At the other end, Braden Holtby was equal parts amazing and the lake of calm. He had 35 saves on 36 shots, which makes 59 saves on 61 shots in his last two games (.967 save percentage). If the Caps can keep him away from Semyon Varlamov and Michal Neuvirth so he doesn’t catch a case of groinfluenza, the Caps could weather this storm to their goaltending in better shape than one might have had a reason to expect.
Other stuff…
-- Holtby will get credit for 35 saves on 36 shots, but it might really have been 34 on 36. Why? If you look closely, when he makes a glove save in the third period, it looked as if the webbing portion of his glove had crossed the goal line. There was no review
-- The eight shots on goal by Ovechkin was the most for him against a non-Southeast team since getting eight in a 4-1 loss to Boston on October 21st. It was his third multi-goal game of the season, his first since getting two against Calgary on October 30th.
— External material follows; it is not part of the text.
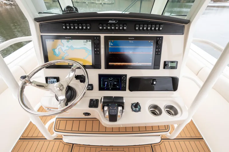 - Dual Raymarine Electronic screens with chart plotter, radar, sonar, fish finder down scan

-- Backstrom recorded his second consecutive multi-point game (two assists), his fifth consecutive game with a point (1-6-7), and the tenth game he has at least one point in his last 13 contests (1-11-12).
-- It was an uneven game for Backstrom, who also took a pair of minors, lost ten of 13 draws, and had only two shot attempts (one on goal).
-- Twelve skaters recorded a total of 27 blocked shots. Five had at least three, including Ovechkin.
-- Choking off three Maple Leaf penalties makes the Caps 48-for-52 in killing penalties (92.3 percent) over their last 13 games, and three of the four power play goals allowed came in one game (4-3 overtime loss to Florida on January 11th). The Caps are now second in the league in penalty killing, trailing only Pittsburgh.
-- A comparison… Marcus Johansson skated six shifts in the third period for 4:31 in ice time. Mathieu Perreault skated two shifts for 1:19, none in the last 16:36.
-- Over on the other side, Mike Komisarek got three shifts in the second, three in the third and had almost ten fewer minutes than the next Toronto defenseman in ice time (Carl Gunnarsson). What’s up there?
-- Playing rope-a-dope is one thing, but allowing shots by period of 6-11-19 can playing with fire.
-- Braden Holtby is an active goalie who likes to get involved and play the puck, but it was J-S Giguere who had three giveaways to Holtby’s one.
-- And speaking of Holtby, he’s been like the little girl with the curl. When he’s good, he’s very good (in four wins he has a GAA of 1.26 and a save percentage of .956. When he’s bad, he’s very, very bad. In three losses (one in overtime) he has a GAA of 4.98 and a save percentage of .800.
-- Toronto is the mecca of hockey, or so it is said, but what’s up with the waffles and the keys hitting the ice after the Ovechkin hat trick? No pants lint? Pizza coupons? Pet chew toys?
-- The refs had an interesting game… six penalties (four minors and two coincidental fighting majors) called in the first period, one (and that for an obvious too-many-men penalty) in the last 40 minutes, and that came 79 seconds into the second period.
In the end, the Caps have followed up their sluggish start to 2011, capped off with a three-game losing streak that left them 2-2-2 in their first half dozen games in 2011, with a 3-0-1 mark in their last four, 2-0-1 on this three-game road trip. As long as the regular season lasts, the Caps are going to have questions attached to their ability to defend and stop pucks. But the Caps have now gone 17 games in which they allowed more than three goals in regulation once, a loss to Vancouver. They have allowed 35 goals in that span (2.06/game) and are 9-3-5 in the process, a 111-point pace over 82 games.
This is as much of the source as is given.